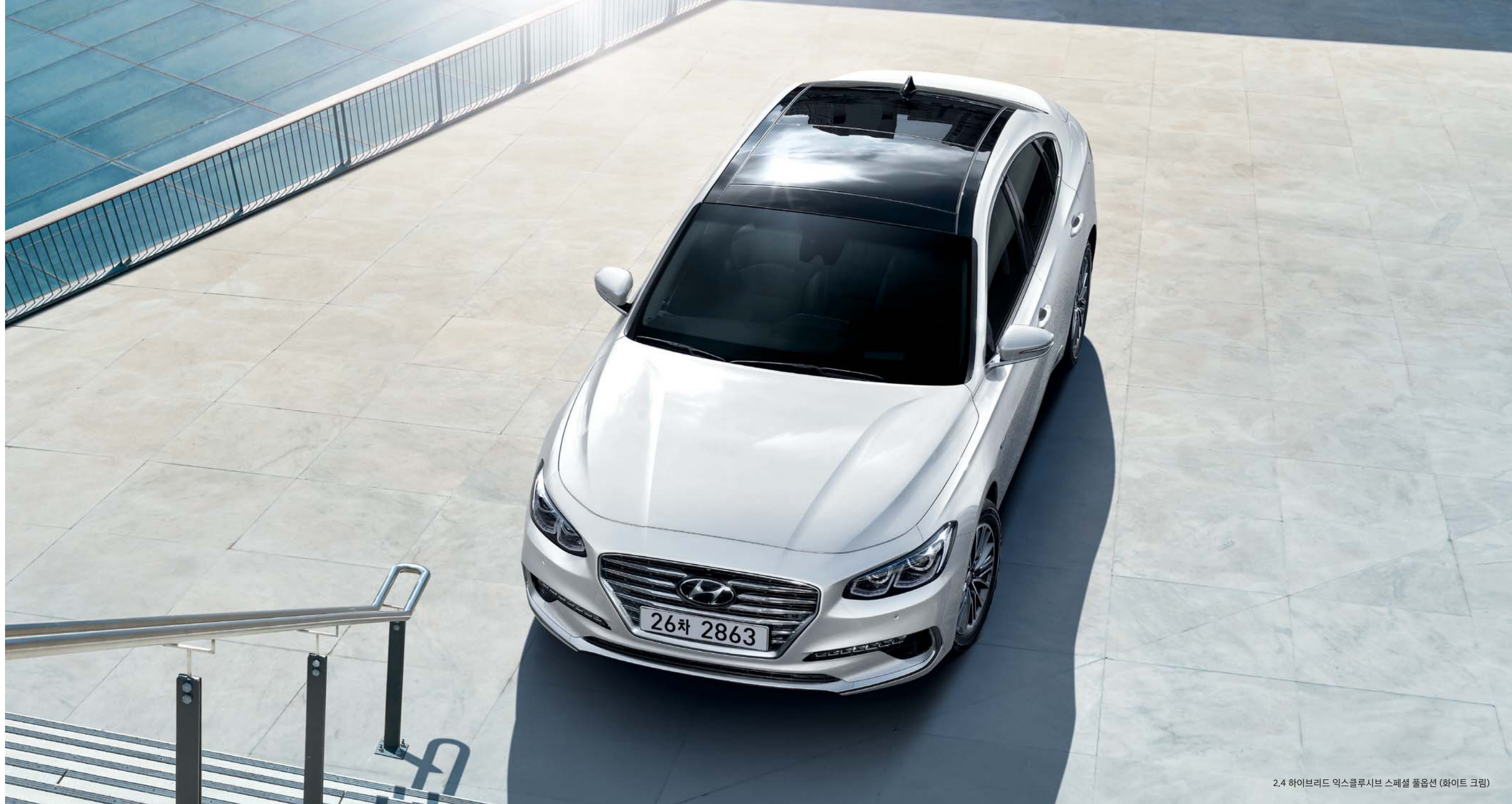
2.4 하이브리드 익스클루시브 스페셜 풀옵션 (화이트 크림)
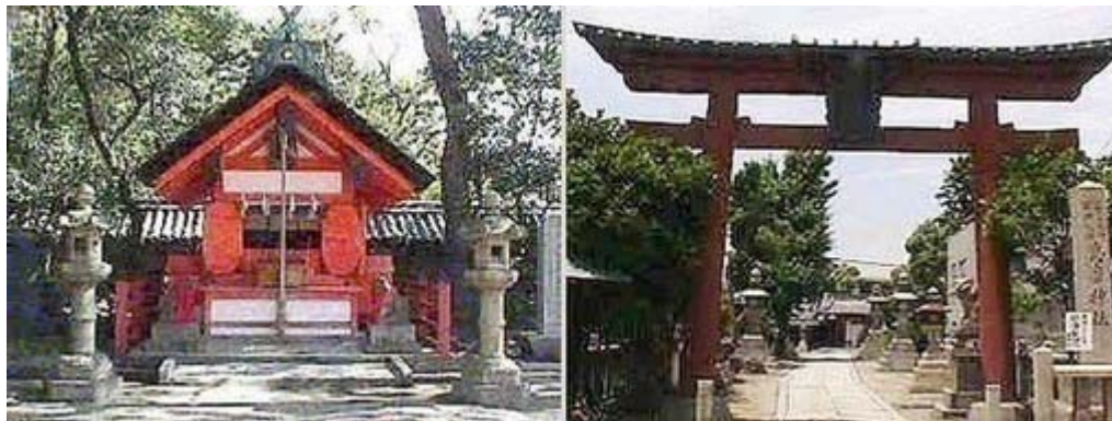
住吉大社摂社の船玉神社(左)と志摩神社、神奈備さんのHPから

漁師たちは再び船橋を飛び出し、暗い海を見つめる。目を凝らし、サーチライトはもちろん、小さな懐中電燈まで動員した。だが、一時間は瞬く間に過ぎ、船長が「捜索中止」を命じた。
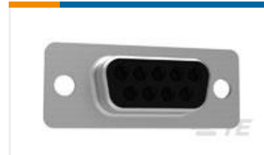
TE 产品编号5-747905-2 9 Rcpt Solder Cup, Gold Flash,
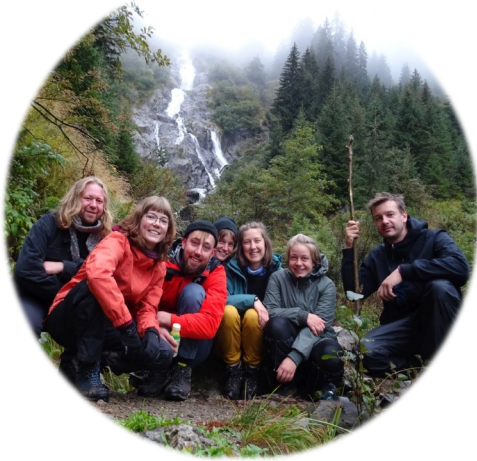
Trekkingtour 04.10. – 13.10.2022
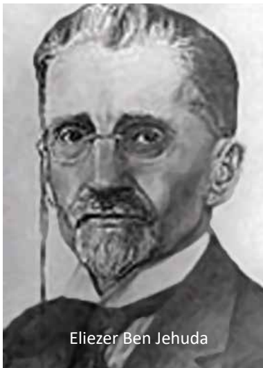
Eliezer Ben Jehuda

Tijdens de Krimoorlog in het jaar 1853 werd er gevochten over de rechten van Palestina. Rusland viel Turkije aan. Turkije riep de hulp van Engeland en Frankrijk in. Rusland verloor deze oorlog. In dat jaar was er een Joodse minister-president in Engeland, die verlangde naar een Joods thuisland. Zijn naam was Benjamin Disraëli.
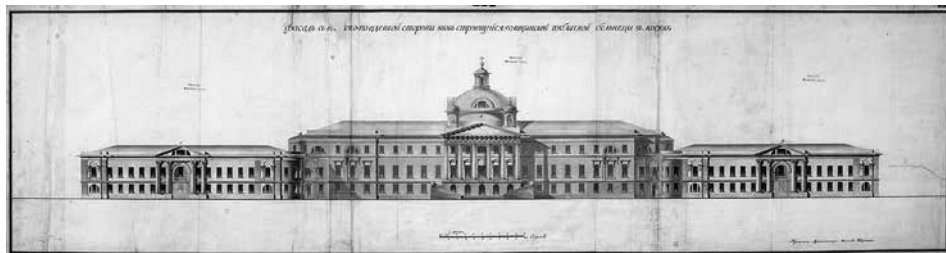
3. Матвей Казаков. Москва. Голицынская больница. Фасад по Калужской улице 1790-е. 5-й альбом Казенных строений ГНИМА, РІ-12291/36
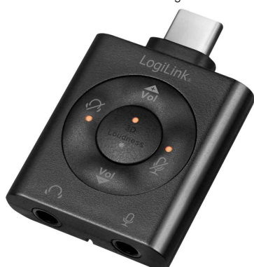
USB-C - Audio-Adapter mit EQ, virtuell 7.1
-----
Task description ->
Leave the images aside and retype each line of the listing above exactly.

Response ->
2.4 하이브리드 익스클루시브 스페셜 풀옵션 (화이트 크림)
住吉大社摂社の船玉神社(左)と志摩神社、神奈備さんのHPから

漁師たちは再び船橋を飛び出し、暗い海を見つめる。目を凝らし、サーチライトはもちろん、小さな懐中電燈まで動員した。だが、一時間は瞬く間に過ぎ、船長が「捜索中止」を命じた。
TE 产品编号5-747905-2 9 Rcpt Solder Cup, Gold Flash,
Trekkingtour 04.10. – 13.10.2022
Eliezer Ben Jehuda

Tijdens de Krimoorlog in het jaar 1853 werd er gevochten over de rechten van Palestina. Rusland viel Turkije aan. Turkije riep de hulp van Engeland en Frankrijk in. Rusland verloor deze oorlog. In dat jaar was er een Joodse minister-president in Engeland, die verlangde naar een Joods thuisland. Zijn naam was Benjamin Disraëli.
3. Матвей Казаков. Москва. Голицынская больница. Фасад по Калужской улице 1790-е. 5-й альбом Казенных строений ГНИМА, РІ-12291/36
USB-C - Audio-Adapter mit EQ, virtuell 7.1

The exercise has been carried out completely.